Ballad Health is a chain of hospitals headquartered in Johnson City, Tennessee. It includes facilities in Tennessee, and Virginia.

The healthcare system's website states that its service area includes 29 counties, some of which are in Kentucky and North Carolina.

History
It was created in 2018, when Mountain States Health Alliance and Wellmont Health Systems agreed to merge together.

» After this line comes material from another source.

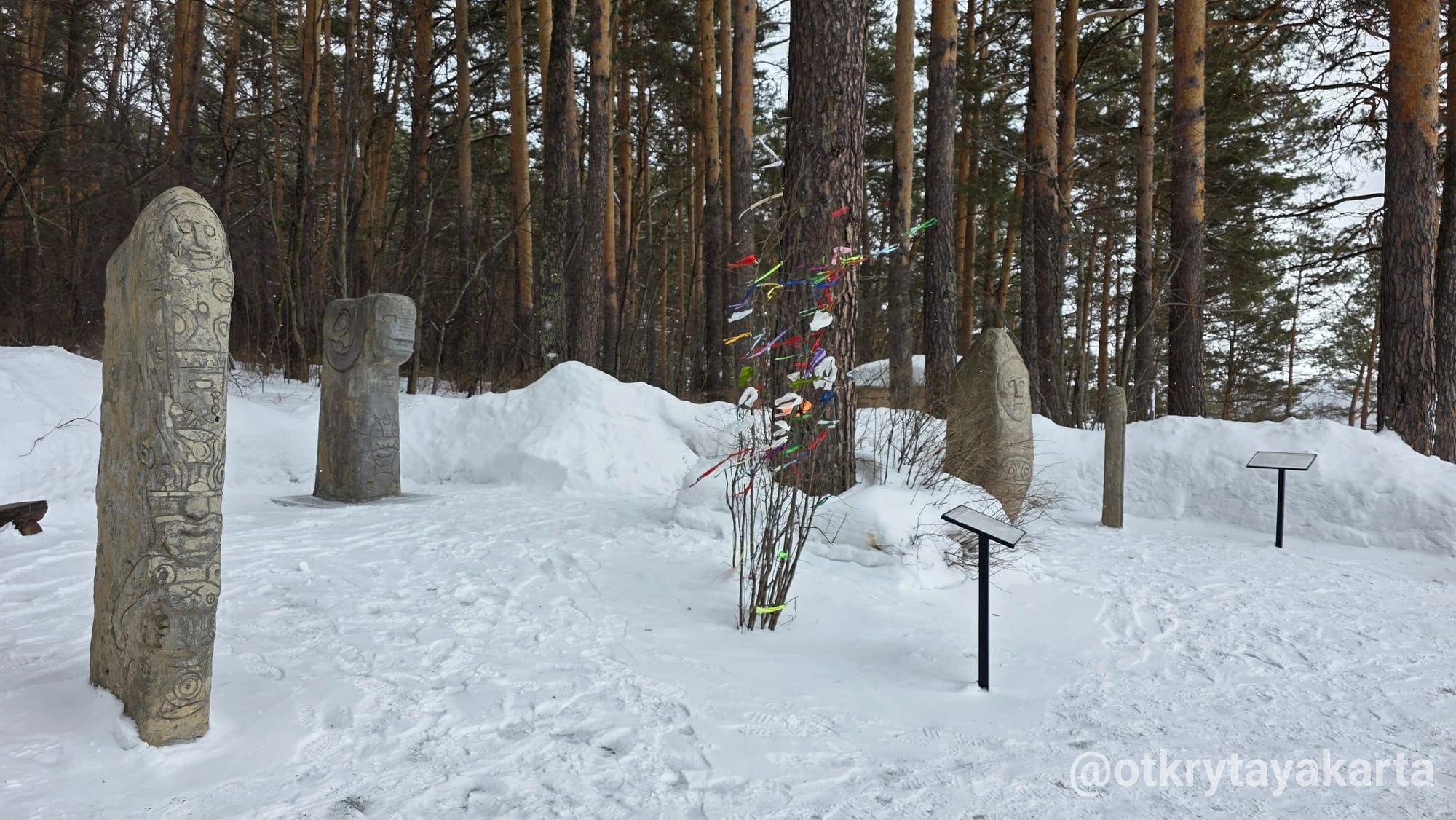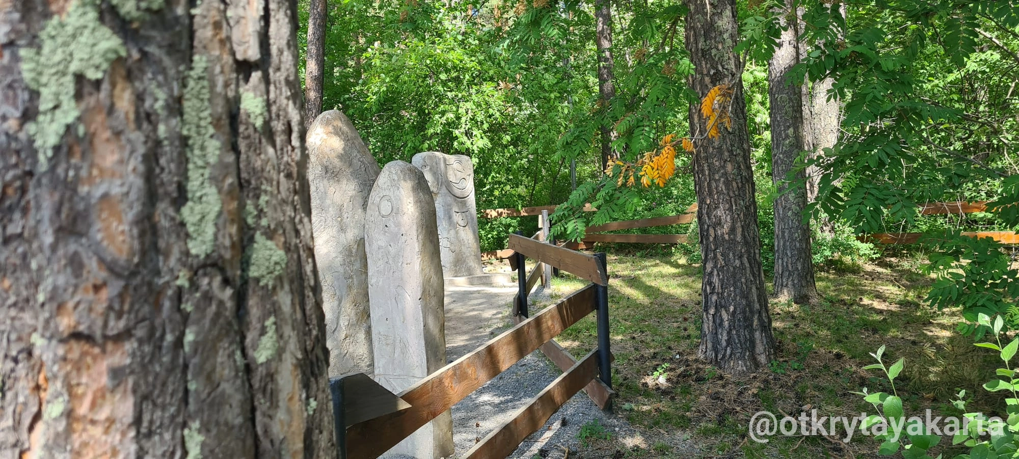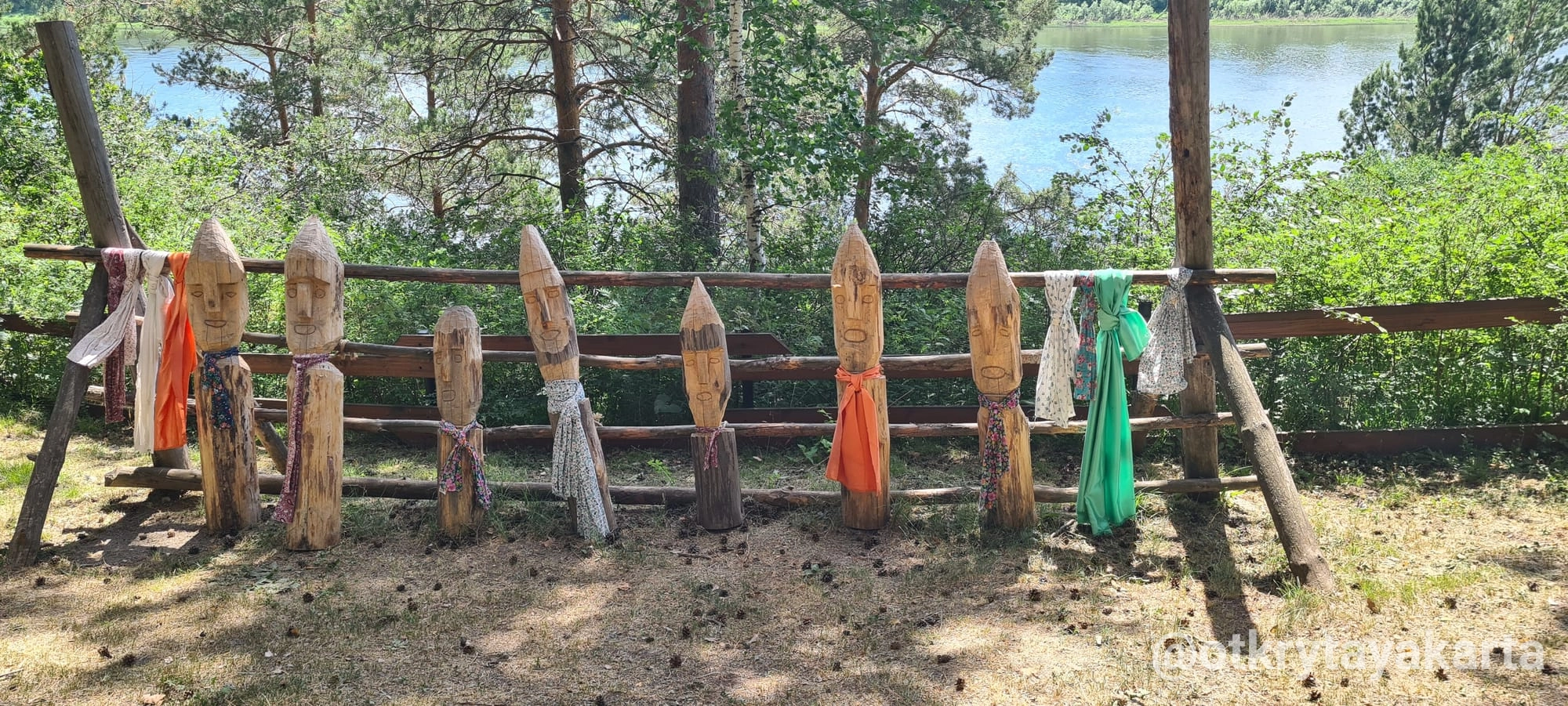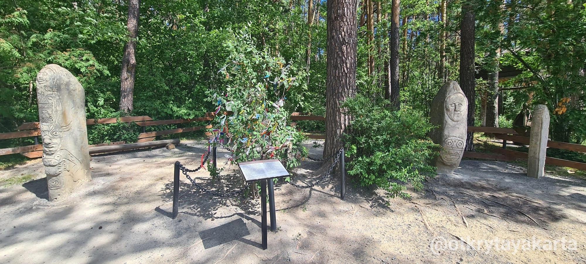 На поляне среди сосен застыли каменные стражи — копии древних изваяний из Хакасии, Тывы, Алтая и Монголии. Но сердце этого места — духи обских угров.

Due to the merger, it became the sole hospital organization in sections of the Appalachia region. The Federal Trade Commission (FTC) had reservations about the merger as portions of Appalachia would only have a single healthcare provider. However the company merged without FTC approval because the Tennessee Attorney General and the Tennessee Department of Health gave clearance for the hospital systems to merge under a Tennessee state law passed in 2015 that allowed hospital merges to occur if the systems could get a "certificate of public advantage" or COPA clearance, arguing that a merged hospital system could work if the area people had greater advantages under a merge despite fewer competing hospital options. Ballad also got a COPA in Virginia, which required it to keep its existing Virginia hospitals open.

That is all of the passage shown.